“Just a table and an orange hoodie”: The Birmingham host helping tackle loneliness one Monday at a time

Empty Chairs is spreading across the UK — and in Selly Oak, one host is creating space for anyone who needs to talk

Author: Nadia FerrarisPublished 23rd Feb 2026

A grassroots initiative designed to combat isolation is quietly gaining momentum across the UK — and now it has a regular home in Birmingham.

Empty Chairs is built on a simple idea: a host reserves a table in a pub or café, wears a bright orange hoodie so they’re easy to spot, and leaves a few seats open for anyone who wants to sit down and talk.

Jake Watkins is one of those hosts. He first discovered the initiative in January after seeing it on TikTok. It was set up by Dean Fraser following the death of his best friend Rob, who died by suicide last year. The project began as a way to honour Rob’s memory and create spaces where people could talk openly and feel less alone.

“It was something as simple as liking the idea and liking what it was about,” Jake explains. “I looked at the website and applied. I actually applied to be a host before I even went to one.”

Jake attended his first Empty Chairs event in Birmingham on 26 January — Rob’s birthday, which also happened to be his own.

Since then, he’s hosted four sessions and now runs one every Monday at 7pm in the Selly Oak area.

The format is deliberately low-pressure. There’s no sign-up, no formal structure and no expectation to stay.

“Some weeks you won’t have anyone come and see you,” Jake says. “But even just going down to the pub and separating from work and everything, taking that time for yourself as a host, that can be important.”

Other weeks, strangers pull up a chair.

“You just talk about anything. That’s the best bit — how simple it is.”

Jake moved to Birmingham around 18 months ago from Devon. Like many people relocating for work or study, he found it difficult to build a social circle.

“I myself have been a bit isolated,” he says. “I’ve come over, went into education, been working non-stop. So I don’t have much of a social circle.”

That experience, he says, makes hosting feel personal.

“It doesn’t matter how old or how young you are, there’s that space for you to come over and just have that conversation and make connections with people that you never would have done before.”

Sessions have attracted a mix of students, professionals and older residents.

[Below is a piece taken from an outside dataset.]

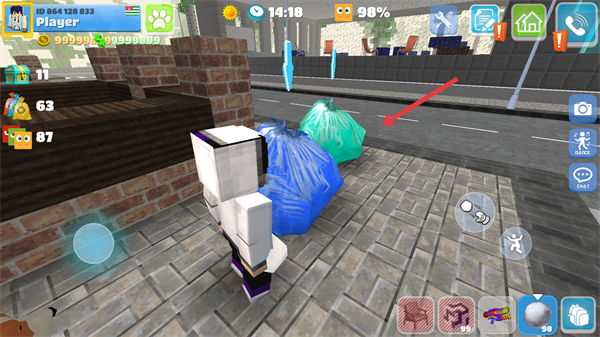 2、遇到垃圾袋等物品可進行互動處理這些物品可獲得資源或完成任務,探索場景時要關注此類可互動的元素推進游戲進程。

One of the first conversations he remembers was with a woman who had lost her son.

“She was probably two or three times my age, but we still sat there and had a conversation,” he says. “It doesn’t matter who you are — you can be there and talk.”

The orange hoodie — which Jake jokes makes him look “like a traffic cone” — is key.

“Everyone feels they need an invite to have a conversation,” he says. “Whereas Empty Chairs has taken that away. The invite is there for everyone. You know what time it is, you know where it is, and the host wears a bright orange hoodie — and that’s your invite.”

While many sessions are held in pubs, others across the UK take place in cafés and community spaces, making them accessible to people who don’t drink.

Jake admits he was nervous the first time he hosted.

“You’re walking down to the pub thinking, are people going to turn up? What am I going to talk about?” he says. “There’s a couple of minutes that are a bit awkward, but once the conversation gets flowing, you’re okay.”

For him, the impact has been subtle but significant.

“It’s building my confidence, fighting anxiety to talk to people,” he says. “The more you go, it can help with anxiety, help with your confidence. It can have quite big secondary effects.”

At the moment, Jake is the only regular host in Birmingham — something he hopes will change.

“It’s free to host. Anyone can apply on the website,” he says. “The more people wearing that orange, the better.”

His next session will be hosted in Northfield before he returns to Selly Oak the following week — continuing what he hopes will become a small but steady antidote to Monday blues.

“Everyone says Monday is the worst day of the week,” he says. “You get to go to the pub after work, talk to people — it could be a good start to the week instead of a bad one.”